Your assignment – Task for the records below: copy exactly from the first line on, stopping once the line with "Spaghettini er laget" is copied, and leave out the pictures.

☆ ☆ ☆ ☆ ☆ ☆ ☆

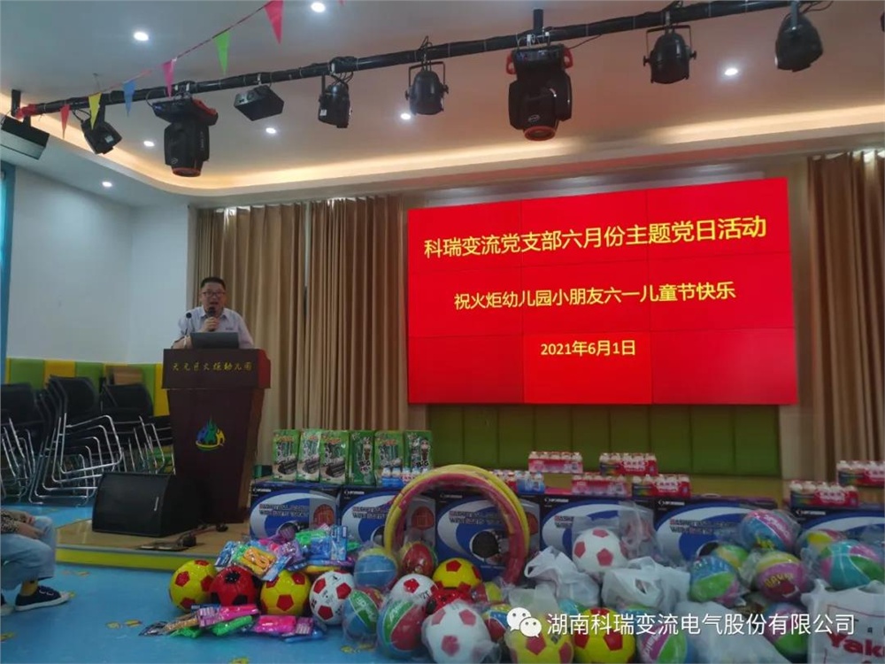 6月1日下午,公司党支部在湘湾火炬幼儿园开展了主题党日活动。公司党支部班子成员和部分党员、天元区教育局副局长胡岚女士、火炬幼儿园全体师生参加了活动。公司党支部为孩子们赠送了儿童篮球架、足球、篮球、小皮球、呼啦圈、跳绳等玩具和孩子们最喜欢吃的零食,为小朋友们送上节日的祝福和良好的祝愿。活动期间,公司党支部负责人受园长委托为健美儿童颁发了奖状,大家一起合唱了《我和我的祖国》,活动在一片欢声笑语中结束。
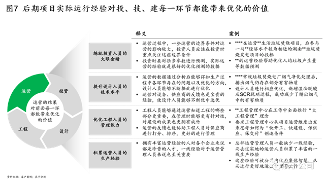 實(shí)踐表明,運(yùn)營作為項(xiàng)目全生命周期的最后一環(huán),后期實(shí)際運(yùn)營經(jīng)驗(yàn)對(duì)前端投資、設(shè)計(jì)、建設(shè)每一環(huán)都能進(jìn)行經(jīng)驗(yàn)和專業(yè)上的反哺,不僅可以練就投資人員的“火眼金睛”,還可以提升設(shè)計(jì)人員的技術(shù)水平、優(yōu)化工程人員的管理能力。以辰于服務(wù)的某東部客戶為例,通過將江蘇某城市垃圾焚燒項(xiàng)目的運(yùn)營經(jīng)驗(yàn)復(fù)制到經(jīng)濟(jì)、社會(huì)、人口發(fā)展相近的湖南某城市,幫助優(yōu)化人均垃圾產(chǎn)生量等預(yù)測(cè)數(shù)據(jù),提高投資測(cè)算的精度(見圖7)。
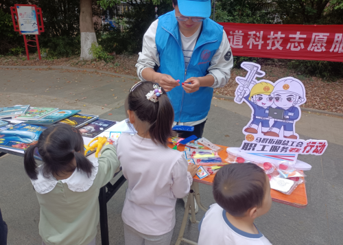 活动现场一片热闹景象。在科普书籍展区,一本本内容丰富、图文并茂的科普书籍整齐排列,瞬间吸引了众多亲子的目光,他们纷纷驻足停留,有的孩子则拉着家长迫不及待地翻阅起来,沉浸在科学知识的海洋里。“咱们社区二楼的‘馨享书屋’里藏着各种各样的好书,大家有空的时候,不妨多去书屋坐坐,或者前往进行借阅,把心仪的书籍带回家慢慢品读。”一边,志愿者面带笑容,耐心细致地向大家介绍了社区“馨享书屋”藏书情况,鼓励大家常去书屋转转,共享阅读之乐。在科普有奖答题区,社区精心准备了简单又贴合生活的多领域科普题目,孩子们积极思考、踊跃参与,凭借自己的知识储备和生活观察赢得专属于自己的奖品;在趣味科技手工区,桌上摆放着制作不倒翁和气球直升机的材料。孩子们根据自己喜好选取了心仪的材料,随后在志愿者的指导或家长的帮助下,有条不紊地进行了组装,在操作实践中体验了动手的乐趣,并学习到科学原理。
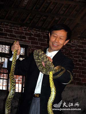 10月16日,本報(bào)(注:江南都市報(bào))記者赴宜春向蛇王老黃拜師學(xué)藝,既感受了隨蛇王體驗(yàn)抓毒蛇時(shí)的心驚膽戰(zhàn),也聽到了蛇王驚心動(dòng)魄的歷險(xiǎn)故事。
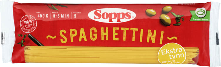 Spaghettini er laget av 100% durumhvete, en høyverdig hvetesort. Sopps har solgt pasta i Norge siden 1913, og barn og voksne har gjennom generasjoner spist gode, næringsrike og velsmakende måltid basert på sunne matvaner.
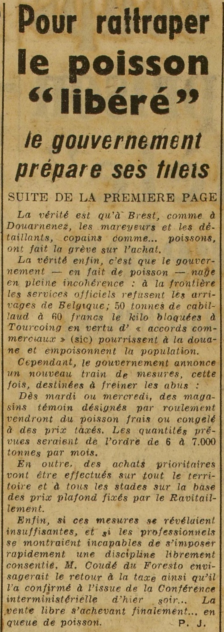 Journal Le Franc-tireur Date 08 avril 1948 Mots-clés Mareyeurs, Détaillants, Grève, Achat de poisson, Gouvernement, Mesures, Douane, Population, Lutte, Abus, Ravitaillement, Fixation, Prix maximum, Taxe, Liberté de vente Lieu(x) Brest, Douarnenez, Belgique, Tourcoing Personnes M. Coudé du Foresto Contributeur(s) Jacques Join Image
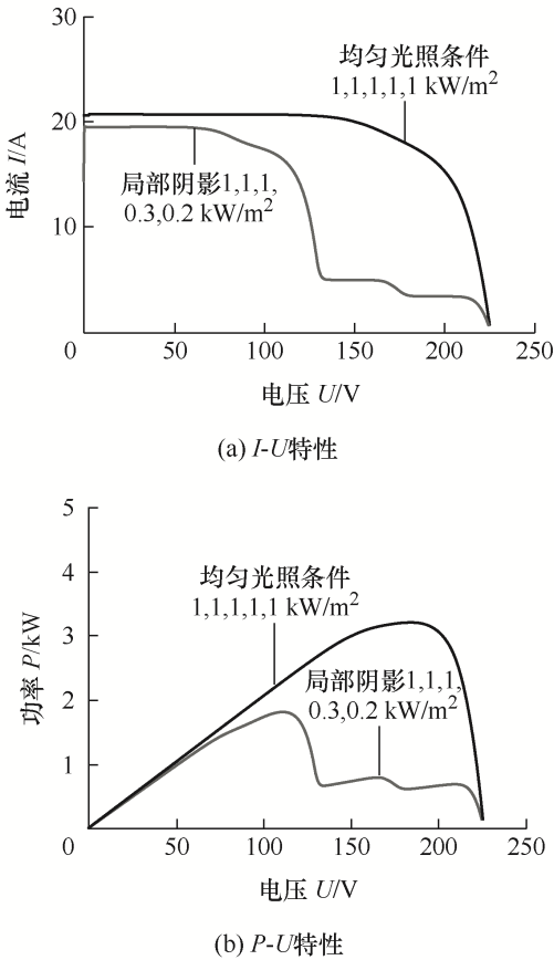 仿真模型中光伏阵列特性曲线,如图8所示,包括均匀光照条件(S=1,1,1,1,1 kW/m2)和局部阴影条件(S=1,1,1,0.3,0.2 kW/m2)两种情况。
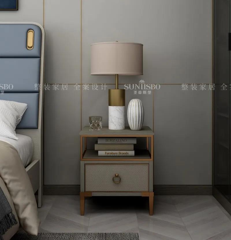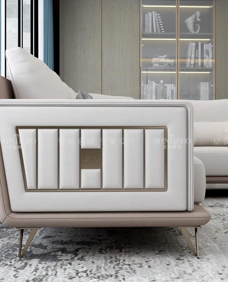 洛斯系列在現(xiàn)代時(shí)尚的基礎(chǔ)上還增加了許多輕奢的金屬元素,金屬元素在輕奢風(fēng)里毋庸置疑的存在。為什么人喜歡戴耳環(huán)、戒指、項(xiàng)鏈等首飾?為什么衣服、鞋子、包包上都能看到金屬元素的身影?從時(shí)尚圈到家居界,金屬元素憑借其獨(dú)特的質(zhì)感以及由內(nèi)散發(fā)的高級(jí)氣質(zhì),有著強(qiáng)大的包容性,提升風(fēng)格格調(diào),增添時(shí)尚氣息。運(yùn)用在家居中可成為整個(gè)空間的亮點(diǎn),成為時(shí)下家居裝修的潮流趨勢(shì),深受大家的喜愛。但是目前市面上采用金屬鑲嵌工藝的多數(shù)是在板木結(jié)合的基礎(chǔ)上,難度相對(duì)簡(jiǎn)單易操作。在洛斯系列里,是在實(shí)木的基礎(chǔ)上進(jìn)行金屬鑲嵌工藝,要求精準(zhǔn)度非常高,誤差不得超過0.5毫米,不然就會(huì)對(duì)不齊。在洛斯系列中,桌子的四角與腿部、柜類門板,沙發(fā)腿部,茶幾支架,餐桌臺(tái)面,床品外框等都將金屬恰到好處地融入到空間的每個(gè)角落,讓空間擁有輕奢的高級(jí)感,提升空間的質(zhì)感。將優(yōu)雅謙遜的都市精致感全面呈現(xiàn),讓裝修冷中帶暖、沉靜精致,也向人們展示了一種精致的生活方式,更為整個(gè)家注入靈動(dòng)氣息。
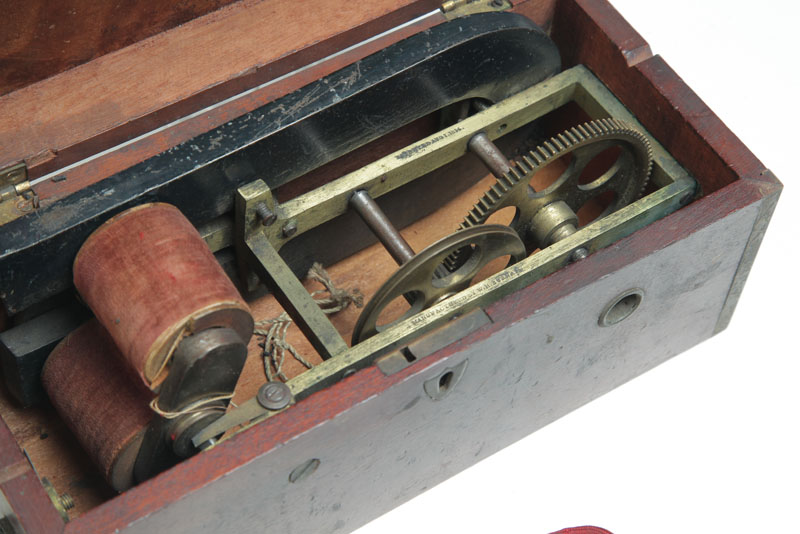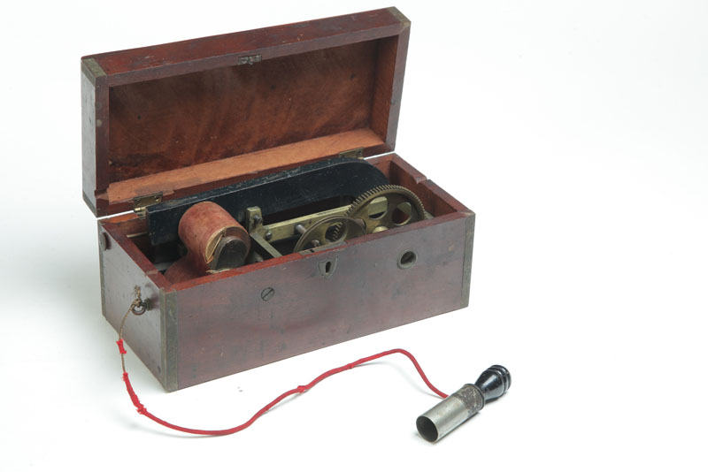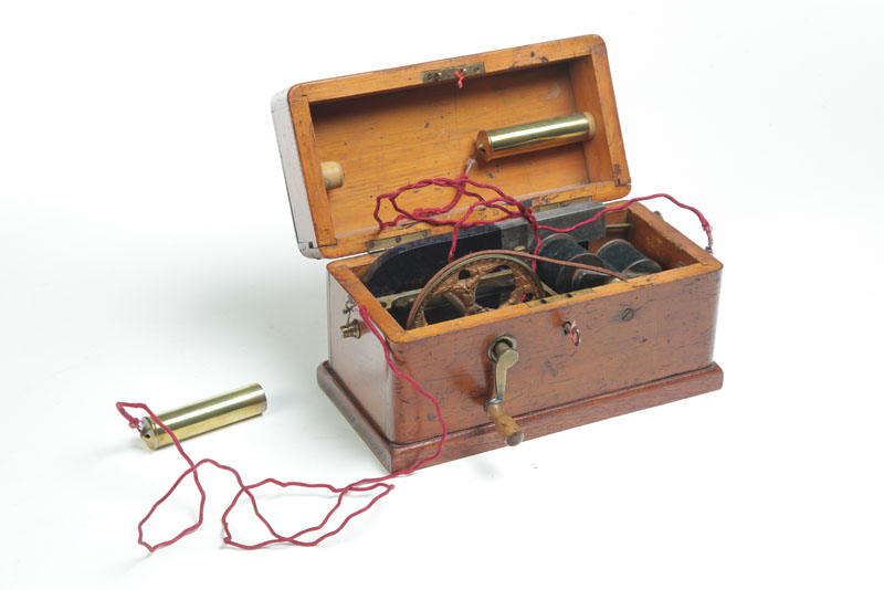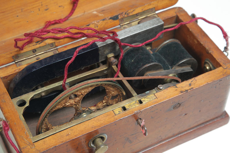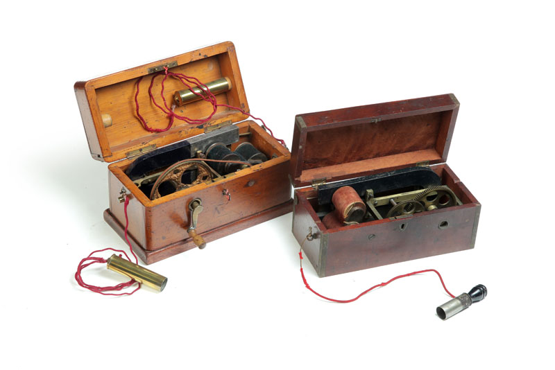 American, 19th century, wood, mixed metals. Quack medical device produces electrical current to cure nervous diseases. W.H .Burnap, New York, 2nd half-19th century, patented Apr. 18, 1854, 4 1/2"h. 10"w. 4 1/2"d., and one unmarked kit, 5 1/2"h. 10 1/4" w. 5"d. Imperfections.

☆ ☆ ☆ ☆ ☆ ☆ ☆

Answer area –
 6月1日下午,公司党支部在湘湾火炬幼儿园开展了主题党日活动。公司党支部班子成员和部分党员、天元区教育局副局长胡岚女士、火炬幼儿园全体师生参加了活动。公司党支部为孩子们赠送了儿童篮球架、足球、篮球、小皮球、呼啦圈、跳绳等玩具和孩子们最喜欢吃的零食,为小朋友们送上节日的祝福和良好的祝愿。活动期间,公司党支部负责人受园长委托为健美儿童颁发了奖状,大家一起合唱了《我和我的祖国》,活动在一片欢声笑语中结束。
 實(shí)踐表明,運(yùn)營作為項(xiàng)目全生命周期的最后一環(huán),后期實(shí)際運(yùn)營經(jīng)驗(yàn)對(duì)前端投資、設(shè)計(jì)、建設(shè)每一環(huán)都能進(jìn)行經(jīng)驗(yàn)和專業(yè)上的反哺,不僅可以練就投資人員的“火眼金睛”,還可以提升設(shè)計(jì)人員的技術(shù)水平、優(yōu)化工程人員的管理能力。以辰于服務(wù)的某東部客戶為例,通過將江蘇某城市垃圾焚燒項(xiàng)目的運(yùn)營經(jīng)驗(yàn)復(fù)制到經(jīng)濟(jì)、社會(huì)、人口發(fā)展相近的湖南某城市,幫助優(yōu)化人均垃圾產(chǎn)生量等預(yù)測(cè)數(shù)據(jù),提高投資測(cè)算的精度(見圖7)。
 活动现场一片热闹景象。在科普书籍展区,一本本内容丰富、图文并茂的科普书籍整齐排列,瞬间吸引了众多亲子的目光,他们纷纷驻足停留,有的孩子则拉着家长迫不及待地翻阅起来,沉浸在科学知识的海洋里。“咱们社区二楼的‘馨享书屋’里藏着各种各样的好书,大家有空的时候,不妨多去书屋坐坐,或者前往进行借阅,把心仪的书籍带回家慢慢品读。”一边,志愿者面带笑容,耐心细致地向大家介绍了社区“馨享书屋”藏书情况,鼓励大家常去书屋转转,共享阅读之乐。在科普有奖答题区,社区精心准备了简单又贴合生活的多领域科普题目,孩子们积极思考、踊跃参与,凭借自己的知识储备和生活观察赢得专属于自己的奖品;在趣味科技手工区,桌上摆放着制作不倒翁和气球直升机的材料。孩子们根据自己喜好选取了心仪的材料,随后在志愿者的指导或家长的帮助下,有条不紊地进行了组装,在操作实践中体验了动手的乐趣,并学习到科学原理。
 10月16日,本報(bào)(注:江南都市報(bào))記者赴宜春向蛇王老黃拜師學(xué)藝,既感受了隨蛇王體驗(yàn)抓毒蛇時(shí)的心驚膽戰(zhàn),也聽到了蛇王驚心動(dòng)魄的歷險(xiǎn)故事。
 Spaghettini er laget av 100% durumhvete, en høyverdig hvetesort. Sopps har solgt pasta i Norge siden 1913, og barn og voksne har gjennom generasjoner spist gode, næringsrike og velsmakende måltid basert på sunne matvaner.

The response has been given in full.